Ceci est probablement lié au monde dans lequel nous vivons. Un monde où la circulation de l’information devient de plus en plus fluide, instantanée, universelle, où des événements isolés peuvent être reliés très rapidement, avec les risques d’amalgame que cela comporte. Sans remettre en cause les bienfaits de notre « société de l’information », nous devons constater certains effets négatifs : la source croissante d’instabilité et de complexité qu’elle engendre et même si cela peut sembler paradoxal, le voile de plus en plus opaque qu’elle jette sur notre vision du futur.

La théorie du chaos ne fait pas référence à la définition que donnaient les Grecs anciens du chaos, «  un gouffre sombre et silencieux ayant préexisté à toute forme de vie » et à la théorie sous-jacente selon laquelle l’ordre naîtrait du désordre. Elle n’a pas non plus de rapport direct avec celle du « bordel ambiant » qui s’apparente somme toute à un modèle déterministe, relativement prévisible et assez bien étudié et décrit en France.
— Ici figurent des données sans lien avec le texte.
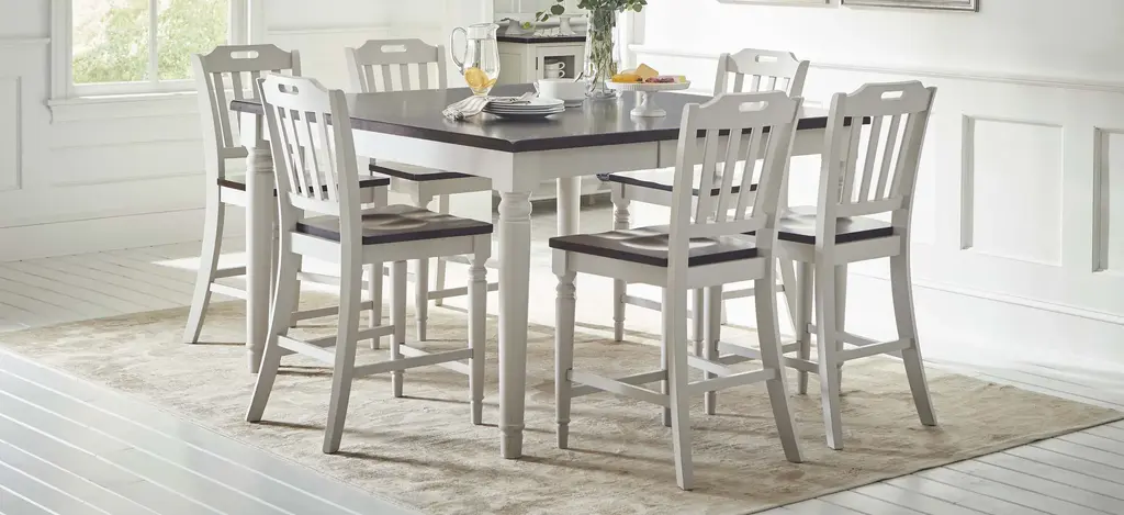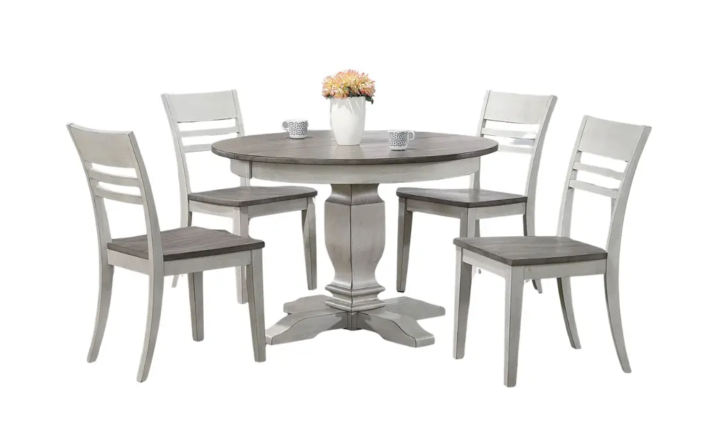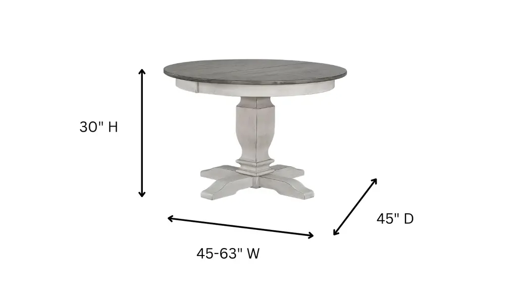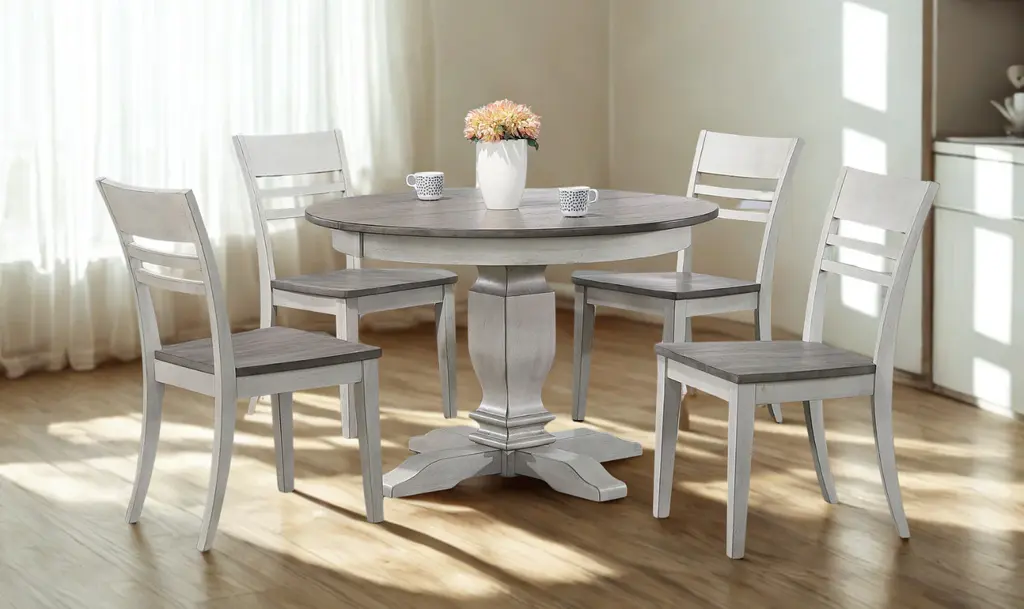 The Transitional Ladder Back 5-Piece Dining Set blends functionality with a timeless two-tone finish. Crafted from durable rubberwood, the round pedestal dining table showcases an ash gray wash top paired with a stormy white base, creating a balanced contrast that complements both classic and transitional interiors. The gear-driven 18-inch takeout leaf allows the table to expand from 45 inches to 63 inches in length, making it versatile enough for everyday dining or hosting guests. Accompanied by four ladder back chairs, this set offers both stability and comfort. Each chair is built with a sturdy frame, a supportive back design, and a 250-pound weight capacity. Easy to assemble and maintain, the set is designed for everyday use while maintaining a refined appearance. Its compact round design is ideal for kitchens, dining rooms, or smaller spaces while still providing seating for four to six people.

La théorie du chaos fut initialement formulée à la fin du XIXe siècle par le génial mathématicien Henri Poincaré (et non pas par son cousin Raymond, l’homme d’Etat) lors d’une étude portant sur la stabilité du système solaire. Poincaré y mettait en exergue un phénomène connu aujourd’hui sous la dénomination de « sensibilité aux conditions initiales ». Elle fit par la suite l’objet de nombreux développements (Lyapounov, Wiener, Von Neumann) jusqu’à sa popularisation définitive par le météorologue Edward Lorenz, notamment en 1972 lors d’un article fameux destiné au grand public et intitulé « Prédictibilité : le battement d’ailes d’un papillon au Brésil peut-il provoquer une tornade au Texas ? ». Ou, si l’on préfère, comment un infime changement des conditions initiales (dans un système instable) peut-il déclencher un cataclysme planétaire ?

Cette théorie nous apprend en effet que certaines situations, compte tenu de la complexité des forces en présence, au lieu de conduire à un équilibre, peuvent mener à une évolution chaotique, impossible à prévoir et donc à maîtriser.

Nos responsables politiques pourraient s’en inspirer. Ils gagneraient à mieux prendre en compte la complexité et l’instabilité du monde dans lequel nous vivons, plutôt que de nous proposer :

Quant à l’effet papillon, en empruntant à l’actualité récente, nous pourrions par exemple nous demander « Comment l’arrestation d’un grand père chinois à Belleville ou celle d’un fraudeur congolais en gare du Nord peut-elle dégénérer en une manifestation de désobéissance civile, une guérilla urbaine, puis un cataclysme politique ? ». Quelles sont les forces en présence dans le milieu si perturbé de notre société ?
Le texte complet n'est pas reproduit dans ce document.